A cidade de Salomão, Cristo e Maomé

Alguém escreveu um dia que uma das visões mais perturbadoras em Jerusalém é a proximidade física dos lugares santos judeus e islâmicos nesta cidade que existe há pelo menos quatro mil anos.

Os muçulmanos crêem que o profeta Maomé ascendeu ao céu no seu cavalo alado do cimo da Haram, a dourada cúpula do do Rochedo - exactamente no mesmo lugar onde Salomão, rei de Israel, construiu o primeiro templo, do qual resta o Muro Ocidental ou das Lamentações.

Os cristãos, que em 1099 lançaram as cruzadas pela conquista da Palestina, naturalmente que veneram também Jerusalém. O seu principal ponto de peregrinação - e símbolo de divisão - é a Igreja do Santo Sepulcro. Aqui, o espaço é repartido por católicos a quem foi reservado um pequeno altar no lugar onde Jesus foi crucificado; por ortodoxos, que gerem as zonas do calvário e da ressureição; por arménios, os zeladores do rés-do-chão, também com memórias da agonia de Cristo. O mais extraordinário é que, no telhado da igreja, em quartos que parecem celas, continuam a orar monges etíopes, desde que foram banidos do santuário no século XIX.

Em 1967, após conquistarem o sector oriental árabe à Jordânia, os israelitas proclamaram Jerusalém como "capital eterna, una e indivisível" do Estado judaico. Uma proclamação que nunca foi reconhecida pela comunidade internacional, sobretudo pelos muçulmanos e pelos cristãos. Os palestinianos também a reclamam como capital, e o Papa quer para ela o estatuto de universal.

"Indivisível" só no papel, porque Jerusalém continua a ser uma cidade dividida.
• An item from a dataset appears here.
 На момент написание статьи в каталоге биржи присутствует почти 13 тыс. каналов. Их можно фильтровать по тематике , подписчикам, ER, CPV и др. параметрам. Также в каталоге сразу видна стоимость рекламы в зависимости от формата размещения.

Apanhe um táxi no Hotel Hyatt, junto à antiga"linha verde", e o motorista judeu negar-se-á a transportá-lo até ao bairro árabe mais próximo do sector oriental.
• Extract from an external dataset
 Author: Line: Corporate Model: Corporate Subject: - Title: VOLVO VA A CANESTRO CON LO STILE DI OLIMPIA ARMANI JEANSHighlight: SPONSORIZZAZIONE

Depois da Intifada, a revolta palestiniana, uma nova barreira se ergueu. Só os guardas fronteiriços israelitas, temidos pela sua brutalidade, se arriscam a penetrar nos intricados becos da Cidade Velha, com as suas muralhas do século XVI, construídas pelo sultão otomano Suleiman. Um condutor árabe evitará também entrar nas zonas maioritariamente judaicas.
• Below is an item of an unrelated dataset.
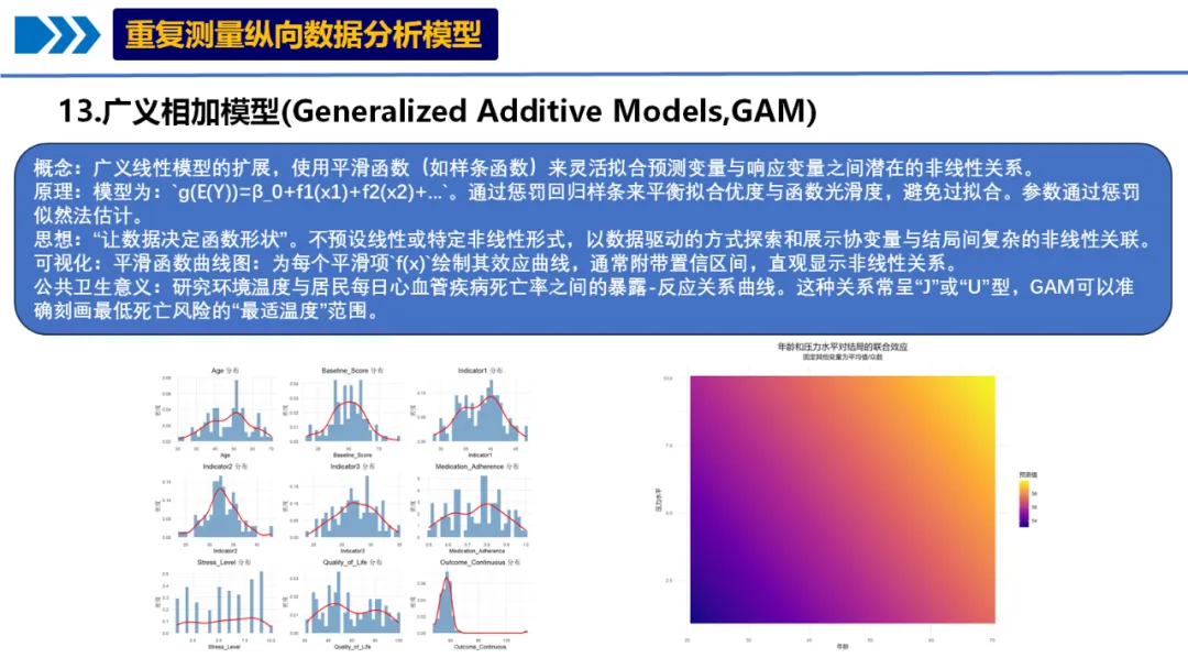 # pip install numpy pandas matplotlib seaborn scipy statsmodels scikit-learn pygam pingouin plotly openpyxl# ===========================================# 13. 广义相加模型 (Generalized Additive Models, GAM) - Python实现# ===========================================import osimport sysimport numpy as npimport pandas as pdimport warningswarnings.filterwarnings('ignore')# 设置路径 - 自动寻找桌面路径import platformif platform.system() == "Windows": desktop_path = os.path.join(os.path.expanduser("~"), "Desktop")else: desktop_path = os.path.join(os.path.expanduser("~"), "Desktop")# 创建结果文件夹output_dir = os.path.join(desktop_path, "13-GAM结果")os.makedirs(output_dir, exist_ok=True)os.chdir(output_dir)print(f"工作目录设置为: {output_dir}")# 1. 加载必要的包print("正在加载必要的Python包...")try: import numpy as np import pandas as pd import matplotlib.pyplot as plt import seaborn as sns from scipy import stats import statsmodels.api as sm from sklearn.model_selection import KFold from sklearn.metrics import mean_squared_error, r2_score, accuracy_score, roc_auc_score from pygam import LinearGAM, s, f, te, PoissonGAM, LogisticGAM from scipy.stats import norm from sklearn.preprocessing import LabelEncoder import pickle from datetime import datetimeprint("所有必要的包加载成功!")except ImportError as e:print(f"缺少必要的包: {e}")print("请使用以下命令安装: pip install numpy pandas matplotlib seaborn scipy statsmodels scikit-learn pygam") sys.exit(1)# 设置中文显示plt.rcParams['font.sans-serif'] = ['SimHei', 'Arial Unicode MS', 'DejaVu Sans']plt.rcParams['axes.unicode_minus'] = False# 设置绘图风格sns.set_style("whitegrid")plt.style.use('seaborn-v0_8-whitegrid')# 2. 读取数据print("\n正在读取数据...")# 读取Excel文件try: excel_path = os.path.join(desktop_path, "longitudinal_data.xlsx") data_full = pd.read_excel(excel_path, sheet_name='Full_Dataset') data_simple = pd.read_excel(excel_path, sheet_name='Simple_Dataset')print(f"数据读取成功!")print(f"Full Dataset: {data_full.shape[0]} 行, {data_full.shape[1]} 列")print(f"Simple Dataset: {data_simple.shape[0]} 行, {data_simple.shape[1]} 列")except FileNotFoundError:print(f"错误: 未找到文件 {excel_path}")print("正在创建示例数据用于演示...")# 创建示例数据 np.random.seed(123) n_samples = 500# 创建模拟数据 data_full = pd.DataFrame({'ID': range(1, n_samples + 1),'Time': np.random.choice([0, 1, 2], n_samples),'Age': np.random.normal(50, 15, n_samples).clip(20, 80),'Sex': np.random.choice(['M', 'F'], n_samples),'Treatment': np.random.choice(['A', 'B', 'C'], n_samples),'Baseline_Score': np.random.normal(50, 10, n_samples),'Indicator1': np.random.normal(0, 1, n_samples),'Indicator2': np.random.normal(0, 1, n_samples),'Indicator3': np.random.normal(0, 1, n_samples),'Medication_Adherence': np.random.uniform(0, 1, n_samples),'Stress_Level': np.random.uniform(1, 10, n_samples),'Quality_of_Life': np.random.uniform(20, 100, n_samples),'Outcome_Continuous': np.random.normal(50, 15, n_samples),'Outcome_Binary': np.random.binomial(1, 0.3, n_samples),'Outcome_Count': np.random.poisson(3, n_samples),'SES': np.random.choice(['Low', 'Medium', 'High'], n_samples),'Genetic_Marker': np.random.choice(['G1', 'G2', 'G3'], n_samples) }) data_simple = data_full.copy()print("示例数据创建完成!")# 3. 数据预处理print("\n正在进行数据预处理...")# 选择基线数据(Time=0)进行分析baseline_data = data_full[data_full['Time'] == 0].drop_duplicates(subset=['ID'])# 创建GAM分析数据集gam_data = baseline_data[['ID', 'Age', 'Sex', 'Treatment', 'Baseline_Score','Indicator1', 'Indicator2', 'Indicator3','Medication_Adherence', 'Stress_Level', 'Quality_of_Life','Outcome_Continuous', 'Outcome_Binary', 'Outcome_Count','SES', 'Genetic_Marker']].copy()# 转换因子变量gam_data['Sex'] = pd.Categorical(gam_data['Sex'])gam_data['Treatment'] = pd.Categorical(gam_data['Treatment'])gam_data['SES'] = pd.Categorical(gam_data['SES'], categories=['Low', 'Medium', 'High'], ordered=True)gam_data['Genetic_Marker'] = pd.Categorical(gam_data['Genetic_Marker'])# 创建衍生变量gam_data['Age_Group'] = pd.cut(gam_data['Age'], bins=[20, 40, 60, 80], labels=['20-40', '41-60', '61-80'])gam_data['Stress_Category'] = pd.cut(gam_data['Stress_Level'], bins=[0, 3, 7, 10], labels=['Low', 'Medium', 'High'])# 处理缺失值 - 用中位数填充数值变量numeric_cols = gam_data.select_dtypes(include=[np.number]).columnsfor col in numeric_cols:if gam_data[col].isnull().any(): median_val = gam_data[col].median() gam_data[col] = gam_data[col].fillna(median_val)print(f" 用中位数填充 {col} 的缺失值: {median_val:.2f}")# 显示数据结构print("\nGAM分析数据结构:")print(gam_data.info())print(f"\n数据集形状: {gam_data.shape}")# 检查缺失值print("\n缺失值统计:")missing_stats = gam_data.isnull().sum()if missing_stats.sum() > 0:print(missing_stats[missing_stats > 0])else:print("无缺失值")# 4. 数据探索性分析print("\n进行数据探索性分析...")# 4.1 连续变量的分布continuous_vars = ["Age", "Baseline_Score", "Indicator1", "Indicator2","Indicator3", "Medication_Adherence", "Stress_Level","Quality_of_Life", "Outcome_Continuous"]# 创建分布图fig, axes = plt.subplots(3, 3, figsize=(16, 12))axes = axes.flatten()for i, var in enumerate(continuous_vars):if i < len(axes): ax = axes[i]# 直方图 ax.hist(gam_data[var].dropna(), bins=30, density=True, alpha=0.7, color='steelblue', edgecolor='black')# 密度曲线 from scipy.stats import gaussian_kde data = gam_data[var].dropna()if len(data) > 1: kde = gaussian_kde(data) x_range = np.linspace(data.min(), data.max(), 100) ax.plot(x_range, kde(x_range), color='red', linewidth=2) ax.set_title(f"{var} 分布", fontsize=12) ax.set_xlabel(var) ax.set_ylabel("密度") ax.grid(True, alpha=0.3)# 调整布局并保存plt.tight_layout()plt.savefig("Variable_Distributions.png", dpi=300, bbox_

Em Jerusalém, com as suas quase uniformes casas de pedra e os seus incontáveis painéis de energia solar, só os turistas parecem não ter medo. No Muro das Lamentações, gentios curiosos de obrigatório "kippa" na cabeça, enviam recados a Deus colocando bilhetinhos nas frestas do muro, enquanto judeus de trancinhas e chapéu preto entoam, balançando o corpo, preces da Torah.

A entrada do Pátio das Mesquitas, onde ficam a Cúpula do Rochedo a a Al-Aqsa - terceiro santuário do Islão (depois de Mecae Medina)-, os visitantes são rigorosamente vigiados por soldados armados até aos dentes. Ás vezes sobretudo à sexta-feira, tradicional dia de oração muçulmana, o lugar é fechado, para não exarcebar tensões políticas e religiosas. Hà judeus extremistas que teimam em reconstruir neste local o Segundo Templo, e as mesquitas são muitas vezes púlpito de apelos revolucionários.

Na pacata Igreja do Santo Sepulcro, freiras de hábito ou saia-casaco oferecem doces e padres de longas barbas voluntarizam-se como guias e dão um "santinho" em troca de um donativo.